"""

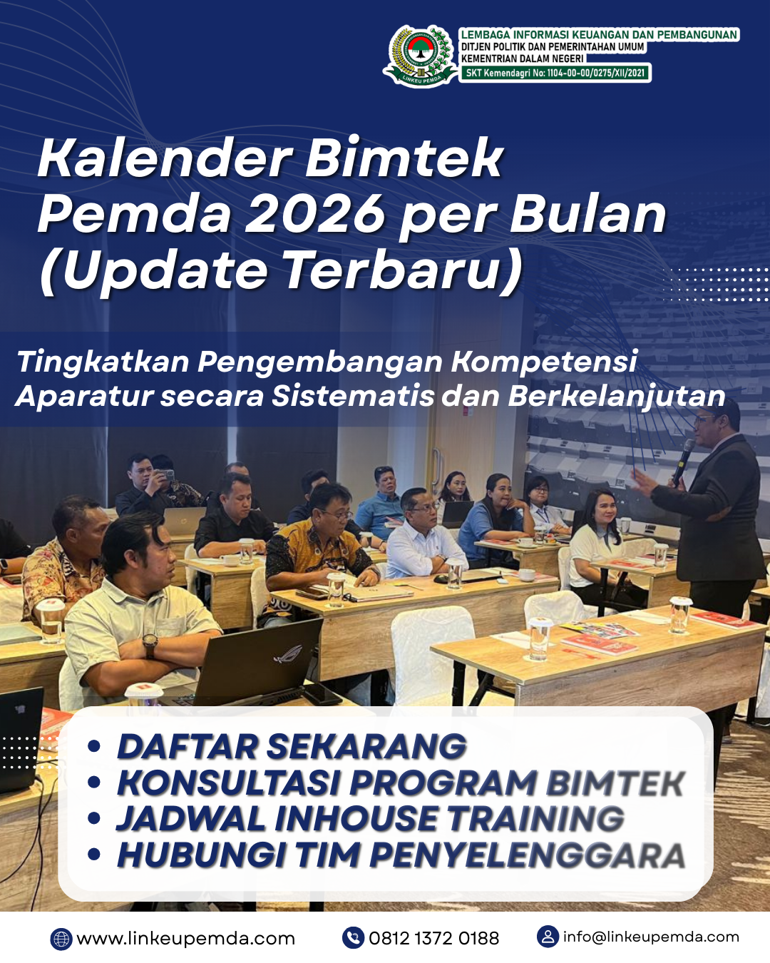 Kalender Bimtek Pemda 2026 per Bulan (Update Terbaru) menjadi panduan penting bagi pemerintah daerah dalam merencanakan pengembangan kompetensi aparatur secara sistematis dan berkelanjutan. Dengan memanfaatkan kalender ini, daerah dapat memastikan setiap bimtek yang diikuti benar-benar relevan dan berdampak pada peningkatan kinerja organisasi.
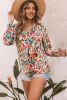 Multicolor Abstract Print Boho V Neck Shirred Cuffs Blouse
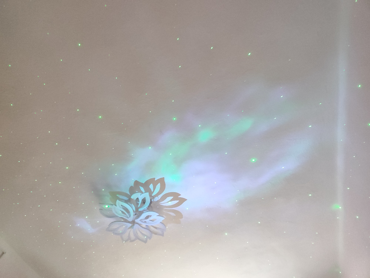 Есть режим ночника, но он на мой взгляд слишком интенсивный. Не подходит для ребёнка. Но у нас в розетке ночник и он даёт достаточный свет, а ещё проектор космонавт со звездочками. Мария очень его любит и просит на всю ночь включать. Даже утром не даёт выключить.
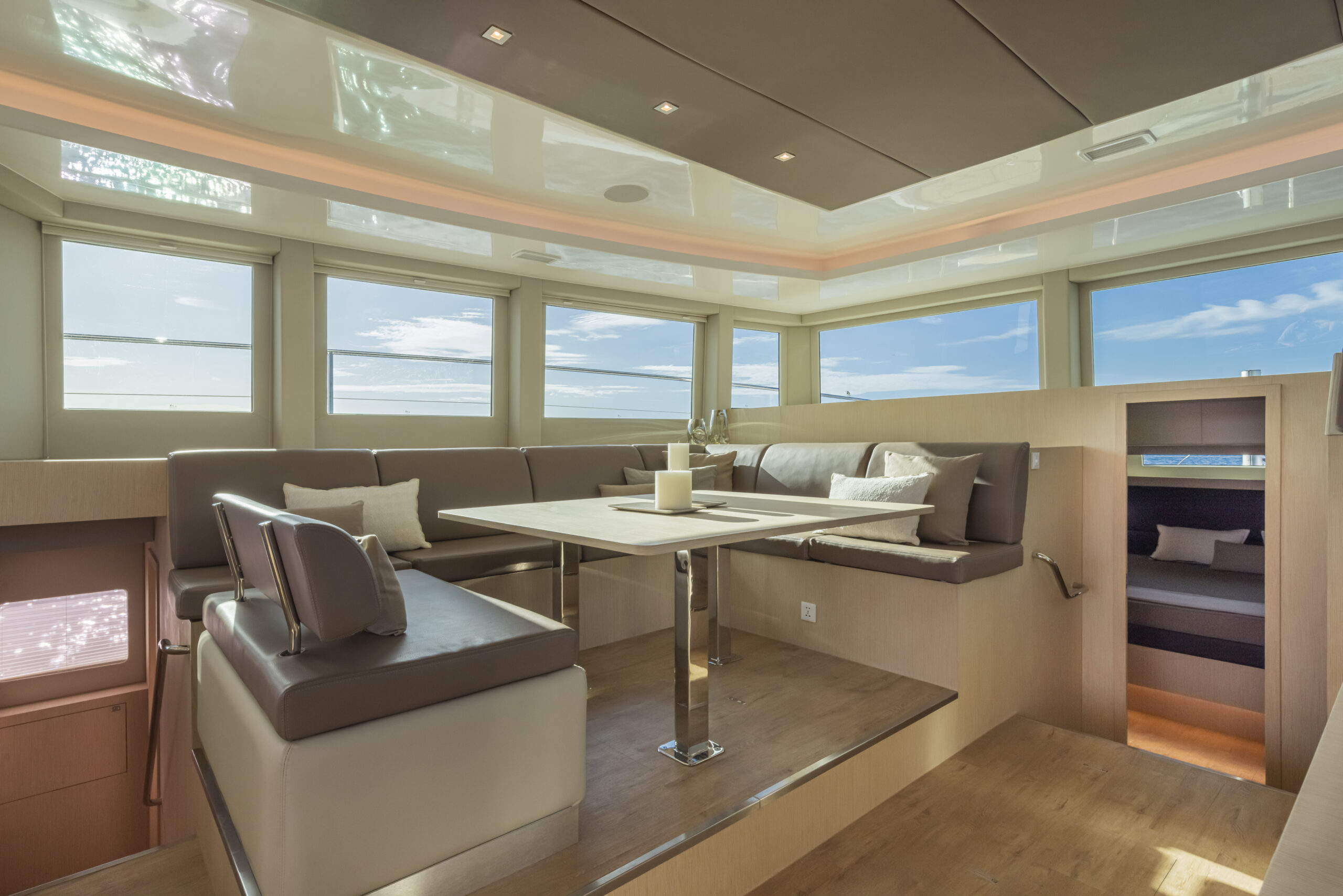 Un espacio impresionante con vista panorámica de 360 grados tal como es habitual en este tipo de catamaranes. No obstante, hemos de hacer una serie de apreciaciones que, además, el astillero conoce.
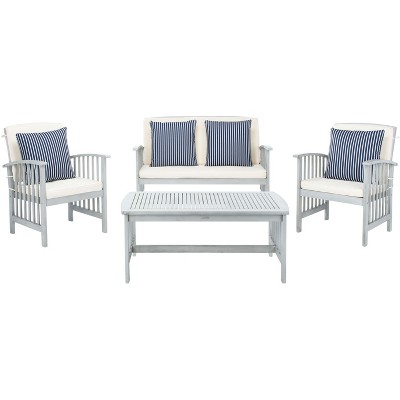 Nunzio 4 Piece Patio Set - Indoor/Outdoor - PAT7031 - Grey/Beige + Solid Pillow - Safavieh
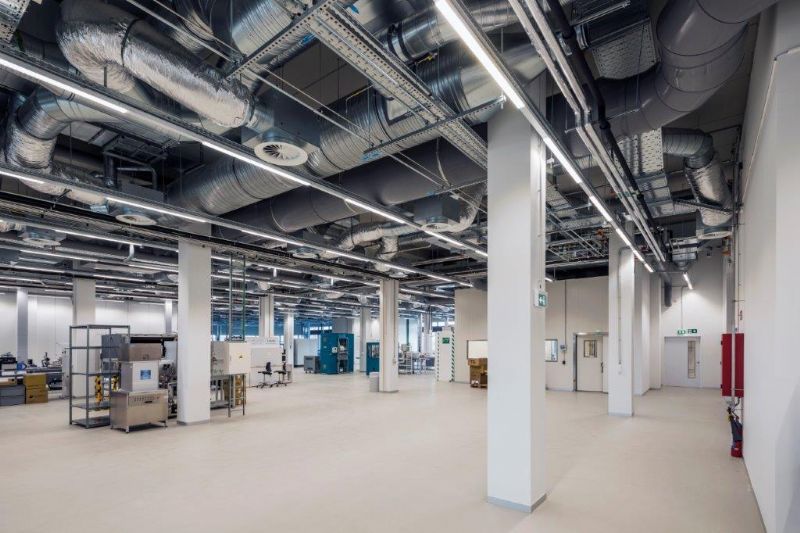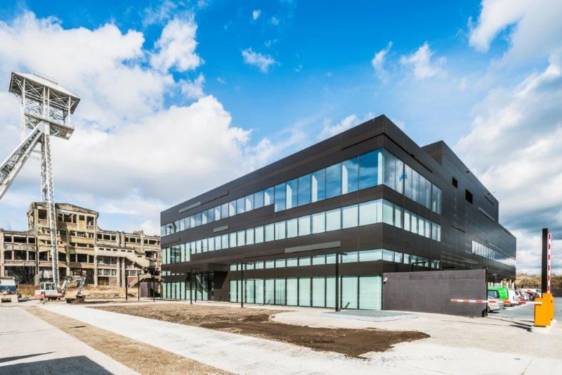 Het gloednieuwe EnergyVille 2-complex huisvest zes hightechlabo’s, waar gespecialiseerde onderzoekers zich in alle rust kunnen toespitsen op innovatieve vormen van zonne-energie en batterijopslag. Het gebouw profileert zich als een baken van wetenschappelijke vooruitgang, maar slaat tegelijk de brug met het landschap en het industriële verleden van de site.
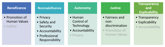 - Floridi, L.; Cowls, J.; Beltrametti, M.; Chatila, R.; Chazerand, P.; Dignum, V.; Luetge, C.; Madelin, R.; Pagallo, U.; Rossi, F.; et al. AI4People—An ethical framework for a good AI society: Opportunities, risks, principles, and recommendations. Minds Mach. 2018, 28, 689–707. [Google Scholar] [CrossRef]
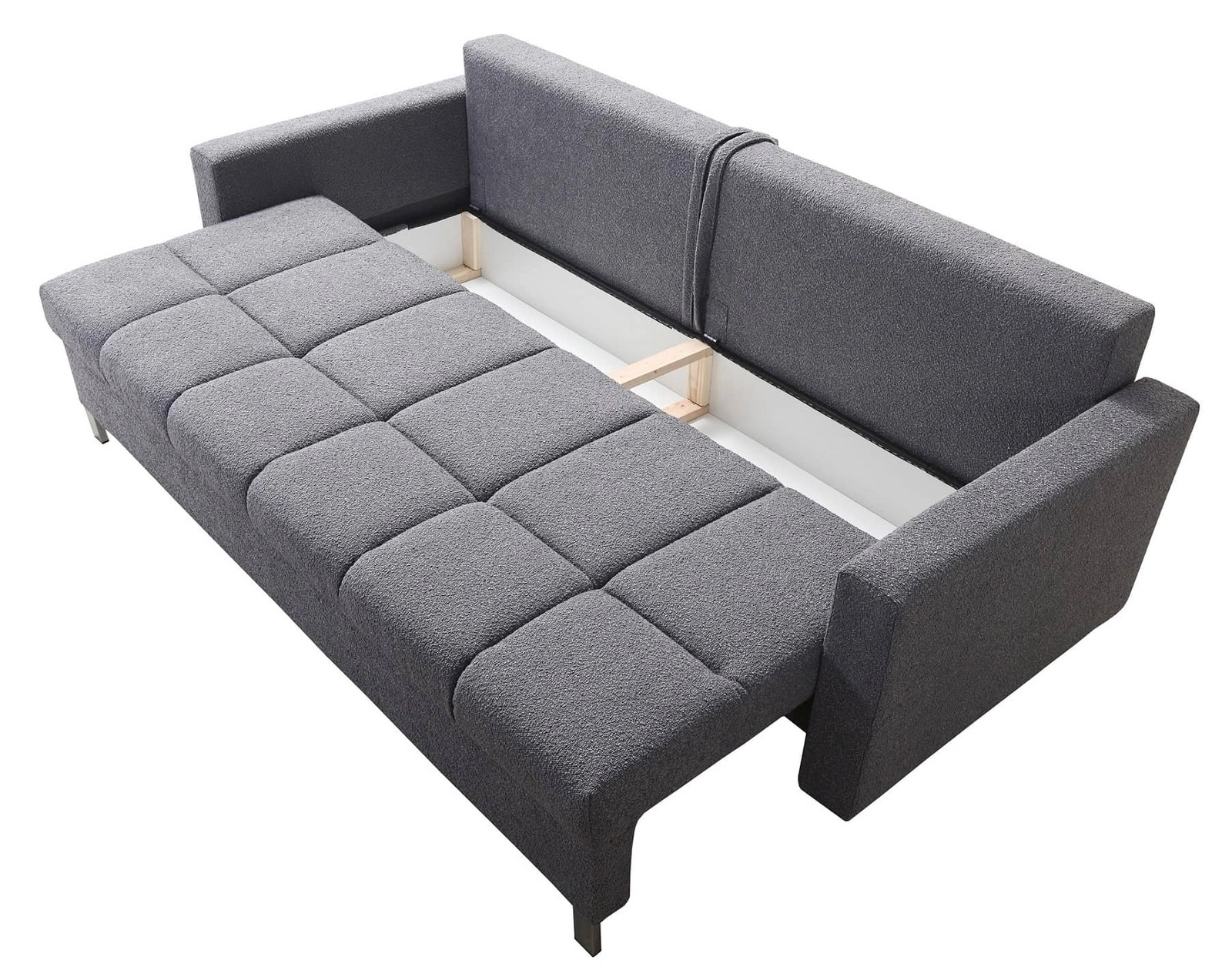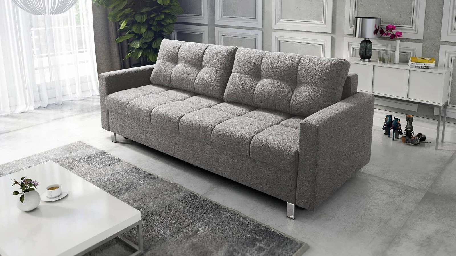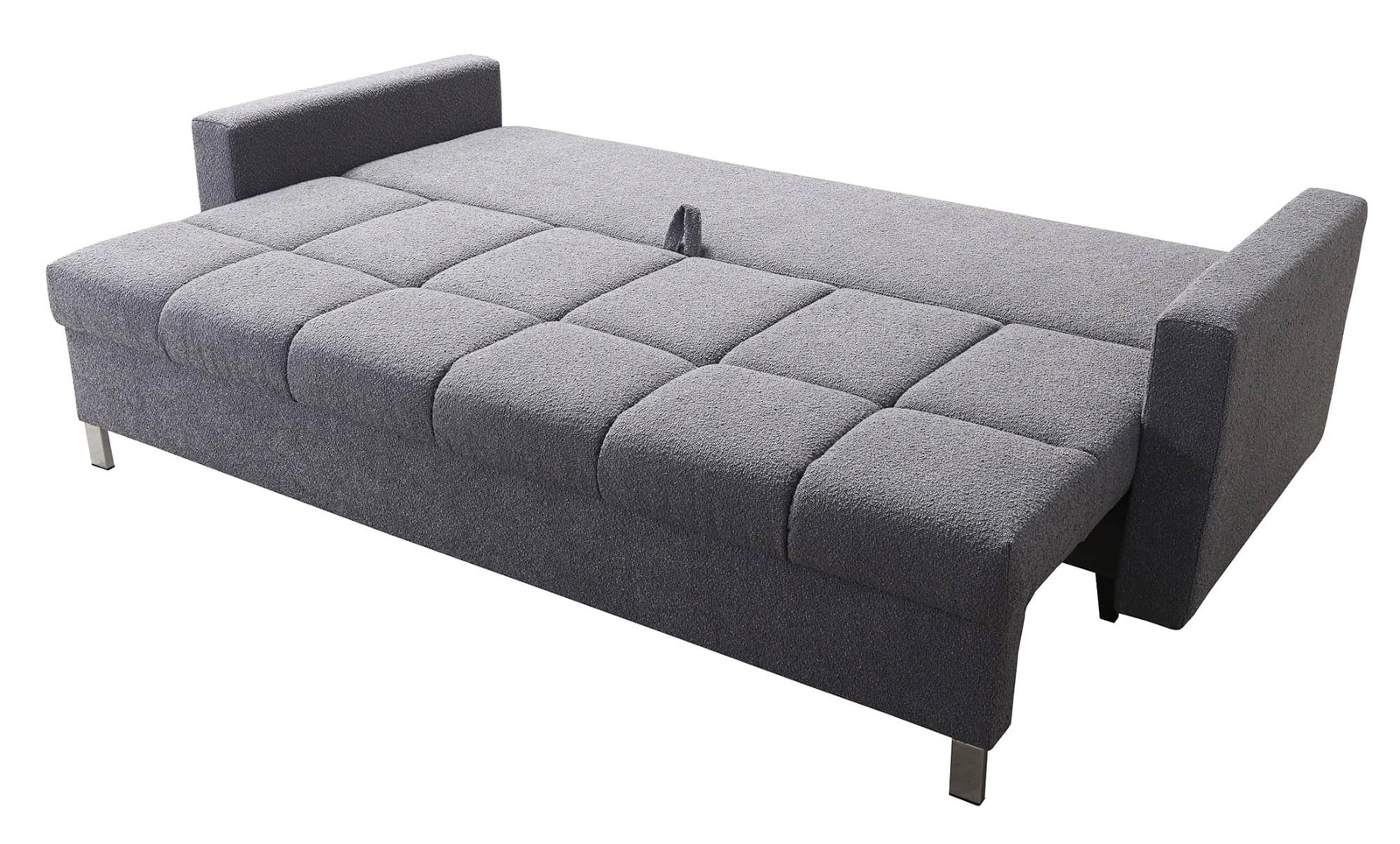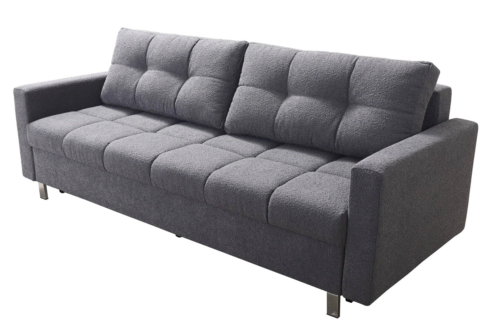 Sofa z funkcją spania Bilbao szara nowoczesny design i szeroka funkcjonalność tkanina o charakterystycznej pętelkowej powierzchni

"""

Give the data above back unchanged, except for the pictures.

• EXERCISE SOLUTION
 Kalender Bimtek Pemda 2026 per Bulan (Update Terbaru) menjadi panduan penting bagi pemerintah daerah dalam merencanakan pengembangan kompetensi aparatur secara sistematis dan berkelanjutan. Dengan memanfaatkan kalender ini, daerah dapat memastikan setiap bimtek yang diikuti benar-benar relevan dan berdampak pada peningkatan kinerja organisasi.
 Multicolor Abstract Print Boho V Neck Shirred Cuffs Blouse
 Есть режим ночника, но он на мой взгляд слишком интенсивный. Не подходит для ребёнка. Но у нас в розетке ночник и он даёт достаточный свет, а ещё проектор космонавт со звездочками. Мария очень его любит и просит на всю ночь включать. Даже утром не даёт выключить.
 Un espacio impresionante con vista panorámica de 360 grados tal como es habitual en este tipo de catamaranes. No obstante, hemos de hacer una serie de apreciaciones que, además, el astillero conoce.
 Nunzio 4 Piece Patio Set - Indoor/Outdoor - PAT7031 - Grey/Beige + Solid Pillow - Safavieh
 Het gloednieuwe EnergyVille 2-complex huisvest zes hightechlabo’s, waar gespecialiseerde onderzoekers zich in alle rust kunnen toespitsen op innovatieve vormen van zonne-energie en batterijopslag. Het gebouw profileert zich als een baken van wetenschappelijke vooruitgang, maar slaat tegelijk de brug met het landschap en het industriële verleden van de site.
 - Floridi, L.; Cowls, J.; Beltrametti, M.; Chatila, R.; Chazerand, P.; Dignum, V.; Luetge, C.; Madelin, R.; Pagallo, U.; Rossi, F.; et al. AI4People—An ethical framework for a good AI society: Opportunities, risks, principles, and recommendations. Minds Mach. 2018, 28, 689–707. [Google Scholar] [CrossRef]
 Sofa z funkcją spania Bilbao szara nowoczesny design i szeroka funkcjonalność tkanina o charakterystycznej pętelkowej powierzchni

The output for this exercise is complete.